Start of Block

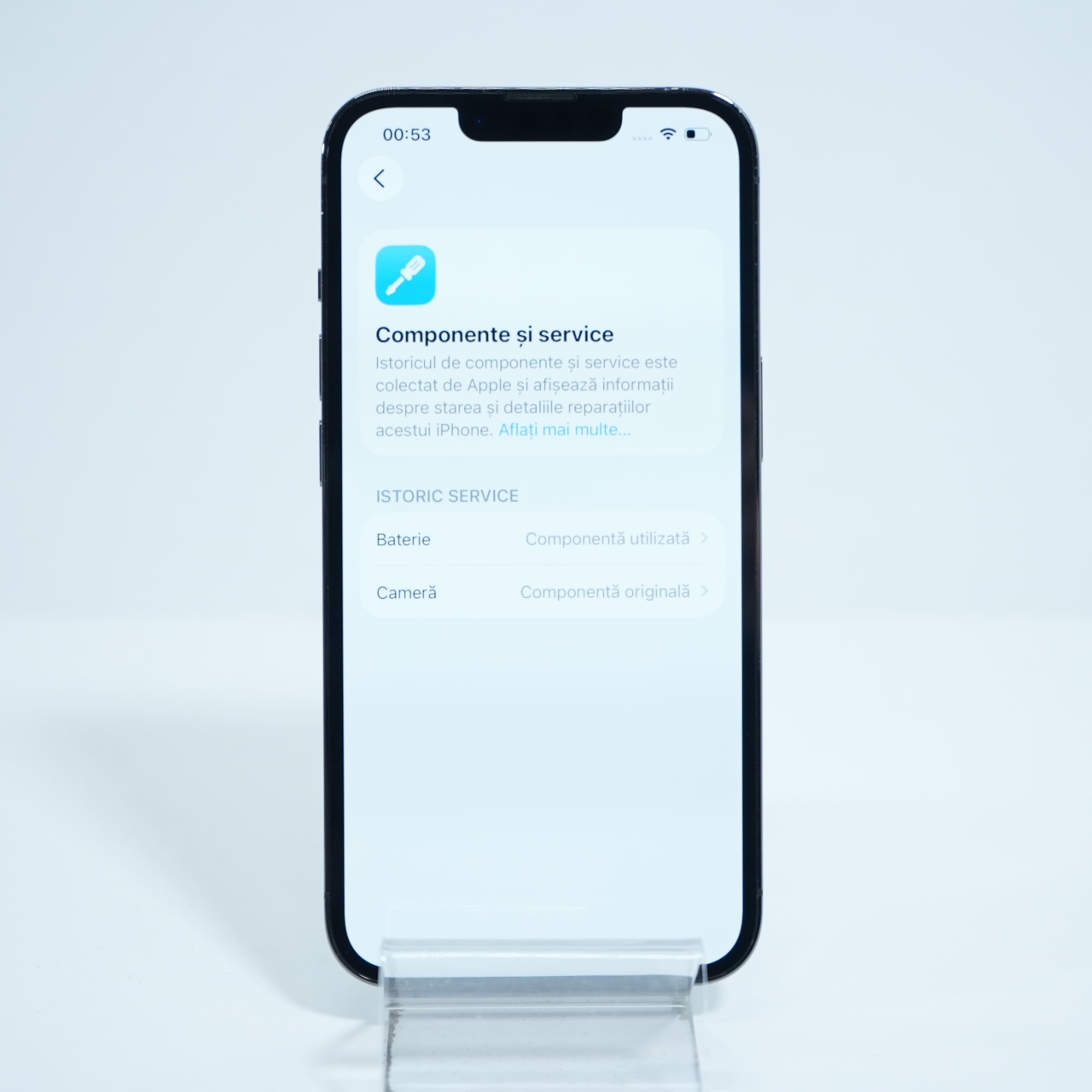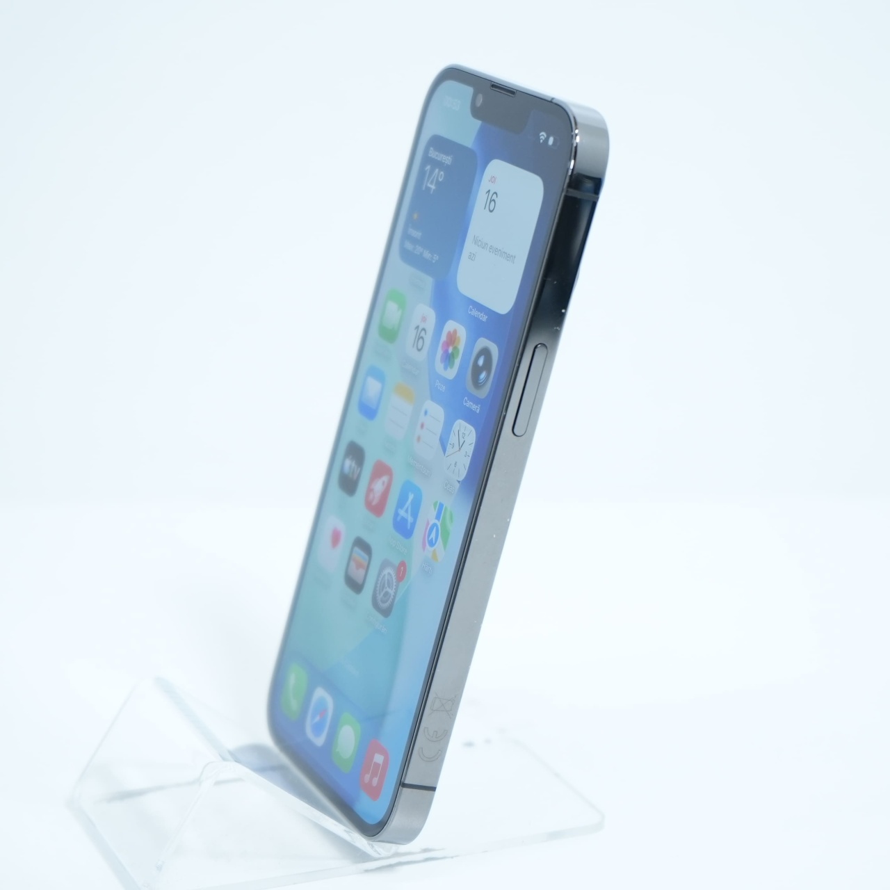 Ecran: 6.1, Refresh Rate 120 Hz Procesor: Apple A15 Bionic Memorie RAM: 6 GB Memorie interna: 128GB Camera Foto: Principala 12 MPx, Frontala 12 MPx Stare retea: Liber de rețea Mesaj camera componenta originala
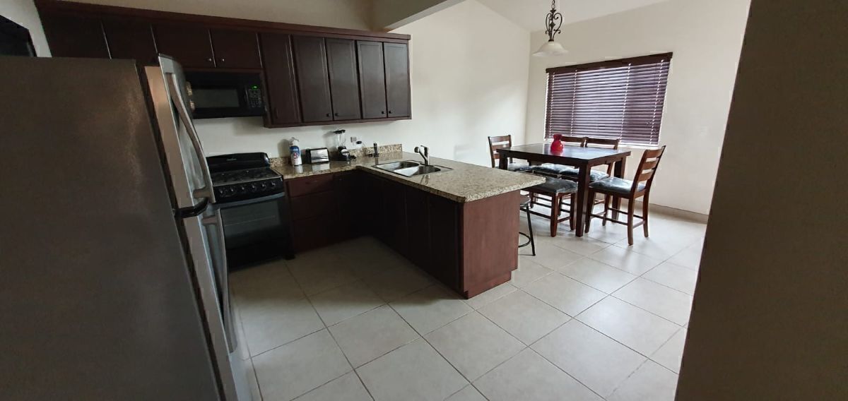 Single-level house in one of the best private subdivisions in the city, with 24-hour security and common areas for residents, with basketball courts and children's games, as well as a viewpoint with spectacular views of the sea from where you can enjoy the beautiful sunsets. The house is fully furnished and equipped. It consists of a living room with comfortable armchairs, pedestal fan, gas heater and Smart TV, dining room with table for 6 people and kitchen with natural stone countertops and bar with 3 stools, equipped with everything you need. Master bedroom with full bathroom, walk-in closet and mini-split. A second bedroom with closet, fan and gas heater. Full bathroom in the hallway. The 2 bedrooms include bedding and both bathrooms with towels. Laundry room integrated into the house with washing machine, dryer and water heater. Open garage with electric gate, garden and an outdoor space at the back of the house with a patio table and chairs. NO PETS In all our rentals no guarantee is required, the payment of a legal policy with protection to the owner is requestedASVARenta de casa de un solo nivel en uno de los mejores fraccionamientos privados de la ciudad, con seguridad 24 horas y áreas comunes para los residentes, con canchas De básquetbol y juegos infantiles, además de un mirador con vistas espectaculares al mar desde donde se disfrutan los bellos atardeceres. La casa se encuentra totalmente amueblada y equipada. Consta de sala con cómodos sillones, ventilador de pedestal, calentón de gas y Smart T.V., comedor con mesa para 6 personas y cocina con encimeras de piedra natural y barra con 3 taburetes, equipada con todo lo necesario. Recamara principal con baño completo, closet-vestidor y minisplit. Una segunda recamara con closet, ventilador y calentón de gas. Baño completo en el pasiilo. Las 2 recamarás incluyen ropa de cama y ambos baños con toallas. Cuarto de lavado integrado a la casa con lavadora, secadora y calentón para agua. Cochera descubierta con portón eléctrico, jardín y un espacio exterior en la parte de atrás de la casa con mesa y sillas de patio. NO SE ADMITEN MASCOTAS En todas nuestras rentas no se requiere aval, se solicita el pago de una póliza jurídica con protección al propietario ASVA **ENGLISH** Single-level house in one of the best private subdivisions in the city, with 24-hour security and common areas for residents, with basketball courts and children's games, as well as a viewpoint with spectacular views of the sea from where you can enjoy the beautiful sunsets. The house is fully furnished and equipped. It consists of a living room with comfortable armchairs, pedestal fan, gas heater and Smart TV, dining room with table for 6 people and kitchen with natural stone countertops and bar with 3 stools, equipped with everything you need. Master bedroom with full bathroom, walk-in closet and mini-split. A second bedroom with closet, fan and gas heater. Full bathroom in the hallway. The 2 bedrooms include bedding and both bathrooms with towels. Laundry room integrated into the house with washing machine, dryer and water heater. Open garage with electric gate, garden and an outdoor space at the back of the house with a patio table and chairs. NO PETS In all our rentals no guarantee is required, the payment of a legal policy with protection to the owner is requestedASVA
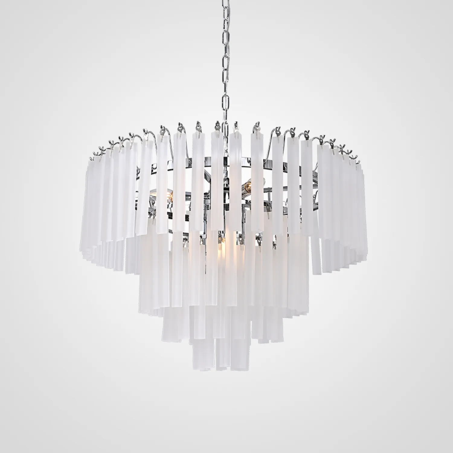 Созданная с использованием высококачественных материалов, эта люстра обладает прочной никелевой отделкой, которая не только придает ей роскошный вид, но и обеспечивает долговечность и стойкость к коррозии.

End of Block

#### [What to work on]
Without the images, write out each line of the data verbatim.

#### [Written reply]
 Ecran: 6.1, Refresh Rate 120 Hz Procesor: Apple A15 Bionic Memorie RAM: 6 GB Memorie interna: 128GB Camera Foto: Principala 12 MPx, Frontala 12 MPx Stare retea: Liber de rețea Mesaj camera componenta originala
 Single-level house in one of the best private subdivisions in the city, with 24-hour security and common areas for residents, with basketball courts and children's games, as well as a viewpoint with spectacular views of the sea from where you can enjoy the beautiful sunsets. The house is fully furnished and equipped. It consists of a living room with comfortable armchairs, pedestal fan, gas heater and Smart TV, dining room with table for 6 people and kitchen with natural stone countertops and bar with 3 stools, equipped with everything you need. Master bedroom with full bathroom, walk-in closet and mini-split. A second bedroom with closet, fan and gas heater. Full bathroom in the hallway. The 2 bedrooms include bedding and both bathrooms with towels. Laundry room integrated into the house with washing machine, dryer and water heater. Open garage with electric gate, garden and an outdoor space at the back of the house with a patio table and chairs. NO PETS In all our rentals no guarantee is required, the payment of a legal policy with protection to the owner is requestedASVARenta de casa de un solo nivel en uno de los mejores fraccionamientos privados de la ciudad, con seguridad 24 horas y áreas comunes para los residentes, con canchas De básquetbol y juegos infantiles, además de un mirador con vistas espectaculares al mar desde donde se disfrutan los bellos atardeceres. La casa se encuentra totalmente amueblada y equipada. Consta de sala con cómodos sillones, ventilador de pedestal, calentón de gas y Smart T.V., comedor con mesa para 6 personas y cocina con encimeras de piedra natural y barra con 3 taburetes, equipada con todo lo necesario. Recamara principal con baño completo, closet-vestidor y minisplit. Una segunda recamara con closet, ventilador y calentón de gas. Baño completo en el pasiilo. Las 2 recamarás incluyen ropa de cama y ambos baños con toallas. Cuarto de lavado integrado a la casa con lavadora, secadora y calentón para agua. Cochera descubierta con portón eléctrico, jardín y un espacio exterior en la parte de atrás de la casa con mesa y sillas de patio. NO SE ADMITEN MASCOTAS En todas nuestras rentas no se requiere aval, se solicita el pago de una póliza jurídica con protección al propietario ASVA **ENGLISH** Single-level house in one of the best private subdivisions in the city, with 24-hour security and common areas for residents, with basketball courts and children's games, as well as a viewpoint with spectacular views of the sea from where you can enjoy the beautiful sunsets. The house is fully furnished and equipped. It consists of a living room with comfortable armchairs, pedestal fan, gas heater and Smart TV, dining room with table for 6 people and kitchen with natural stone countertops and bar with 3 stools, equipped with everything you need. Master bedroom with full bathroom, walk-in closet and mini-split. A second bedroom with closet, fan and gas heater. Full bathroom in the hallway. The 2 bedrooms include bedding and both bathrooms with towels. Laundry room integrated into the house with washing machine, dryer and water heater. Open garage with electric gate, garden and an outdoor space at the back of the house with a patio table and chairs. NO PETS In all our rentals no guarantee is required, the payment of a legal policy with protection to the owner is requestedASVA
 Созданная с использованием высококачественных материалов, эта люстра обладает прочной никелевой отделкой, которая не только придает ей роскошный вид, но и обеспечивает долговечность и стойкость к коррозии.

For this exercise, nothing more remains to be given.